BitPermutations.jl

Efficient routines for repeated bit permutations.

Introduction

Permutations of n bits can be performed in O(log(n)) operations which reshuffle the individual bits in parallel. To have each reshuffling layer efficient, they have to be chosen from sets of operations which are efficient on the CPU. Precomputing these operations is slighly non-trivial, so this package may be useful only if you need to compute the application of a given permutation to a large number of words.

Installation

BitPermutations is a Julia Language package. To install this package, please open Julia's interactive session (known as REPL) and press the ] key in the REPL to use the package mode. Then type the following command

pkg> add BitPermutations

Usage

To define a permutation of the bits in type T, construct a BitPermutation{T}.

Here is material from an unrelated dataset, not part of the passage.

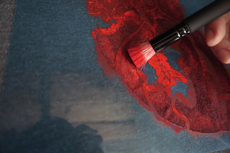 Step 3: Now it’s time to paint. Using a clean, dry stencil brush, begin stippling the paint over the stencil. Depending on what finish you want, you can either apply an opaque layer for a crisp look, or a light layer to create more of a distressed effect. We used Jacquard paint in this DIY.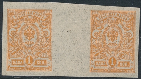 znaczki czyste z oryginalną gumą bez podlepki ani jej śladu wydanie nieząbkowane w parce poziomej rozdzielonej międzypolem, typ II w barwie szarożółtopomarańczowej nakład z 1917 roku z okresu wojennego , bardzo dobry stan zachowania znaczków |

Here is an example with T = UInt8. Bits are ordered from LSB to MSB.

using BitPermutations

v = [2, 6, 5, 8, 4, 7, 1, 3]

p = BitPermutation{UInt8}(v)

we can then apply the permutation on any bitstring of type UInt8 by using bitpermute. If a functional approach is your jam, you can equivalently call the BitPermutation directly

x = 0x08          # 0 0 0 1 0 0 0 0 (LSB -> MSB)

bitpermute(x, p)  # 0 0 0 0 1 0 0 0, or 0x10

p(x)              # Idem

To inspect the result, we can use bitstring, or we can use a Bits (defined by the package). It is basically a faster BitVector (defined in Base), since its size is fixed (but is mutable).

bits = Bits(x)

[bits[v], Bits(bitpermute(x, p))]

The neat thing of the underlying network is that the inverse permutation can be computed at the same cost. This can be performed using invbitpermute or calling the adjoint permutation

invbitpermute(x, p) === p'(x)

[bits[invperm(v)], Bits(invbitpermute(x, p))]

Internally, a Vector of bit masks and shifts are stored and then applied sequentially at each call to bitpermute. If you need to apply the permutation to an array of data, you can use the following syntax

xs = rand(T, 10)

p.(xs)                  # Regular permutation element-wise (also `bitpermute.(xs, p)`)

bitpermute(xs, p)       # Idem

bitpermute!(p, xs)      # Idem, but in-place

p'.(xs)                 # Inverse permutation element-wise (also `invbitpermute.(xs, p)`)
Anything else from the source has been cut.